Elementary keywords, such as 'Click button' and 'Input text', represent the lowest level of reusable test functions: the technical workflow level. These often do not have to be created, but are being provided by existing, external keyword libraries (such as Selenium WebDriver), that can be made available to a framework. A situation that could require the creation of such atomic, lowest-level keywords, would be automating at the API level.

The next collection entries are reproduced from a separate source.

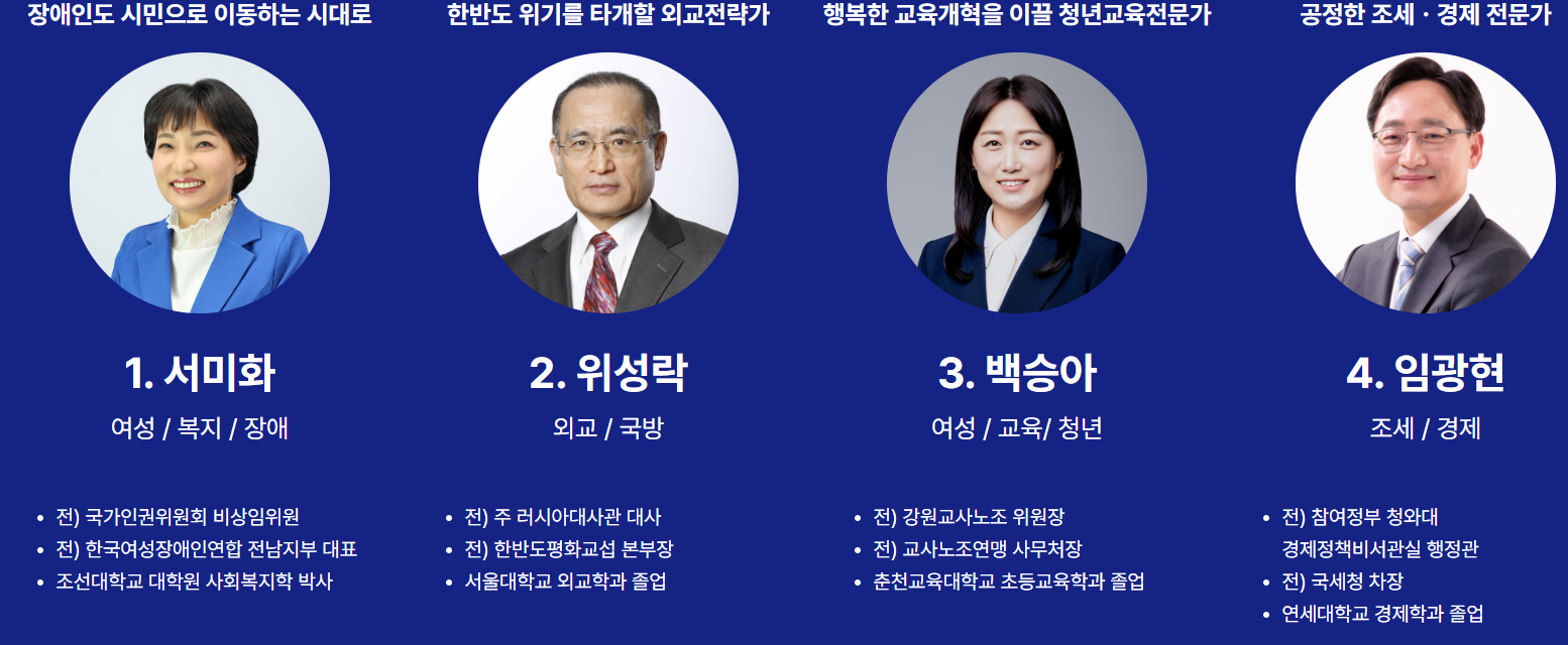 순번1번은 서미화 전 국가인권위원회 비상임위원입니다. 순번2번은 위성락 전 주러시아 대사입니다. 순번3번은 백승아 초등교사노조 수석부위원장입니다. 순번4번은 임광현 전 국세청 차장입니다.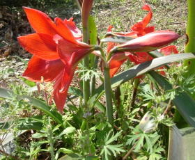 みかん畑の隅に、40年程前から毎年アマリリスが豪華に咲きます。昔々球根を植えたものが、みかんの肥料を吸収して咲くのでしょう。
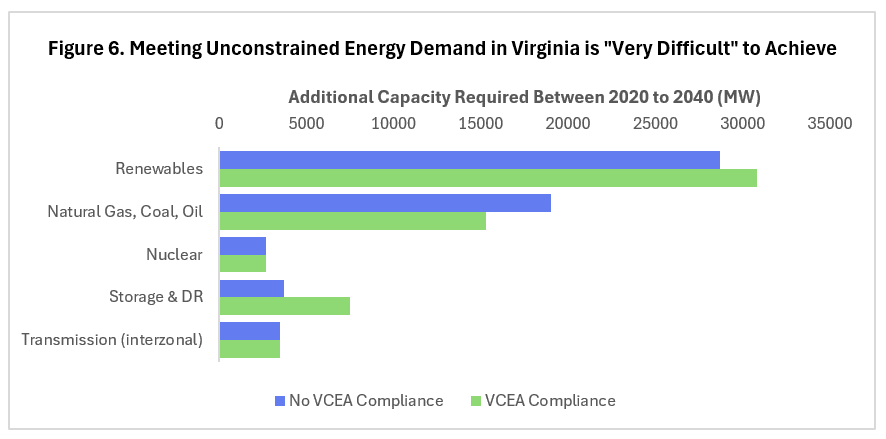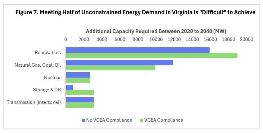 As shown in Figure 7, the report finds that meeting even half of the projected energy demand would “likely still be difficult,” requiring 37,800 MW and 34,400 MW of additional capacity in the VCEA-compliant and non-compliant scenarios by 2040, respectively.

The atomic keywords are then reused within the framework to implement composite, functionally richer keywords, such as 'Register new customer', 'Add customer to loyalty program', 'Search product', 'Add product to cart', 'Send gift certificate' or 'Create invoice'. Such keywords represent the domain-specific workflow activity level. They may in turn be reused to form other workflow activity level keywords that automate broader chains of workflow steps. Such keywords then form an extra layer of wrappers within the layer of workflow activity level keywords. For instance, 'Place an order' may be comprised of 'Log customer in', 'Search product', 'Add product to cart', 'Confirm order', etc. The modularization granularity applied to the automation of such broader workflow chains is determined by trading off various factors against each other - mainly factors such as the desired levels of readability (of the test design), of maintainablity/reusability and of coverage of possible alternative functional flows through the involved business process. The eventual set of workflow activity level keywords form the 'core' DSL (Domain Specific Language) vocabulary in which the highest-level specifications/examples/scenarios/test designs/etc. are to be written.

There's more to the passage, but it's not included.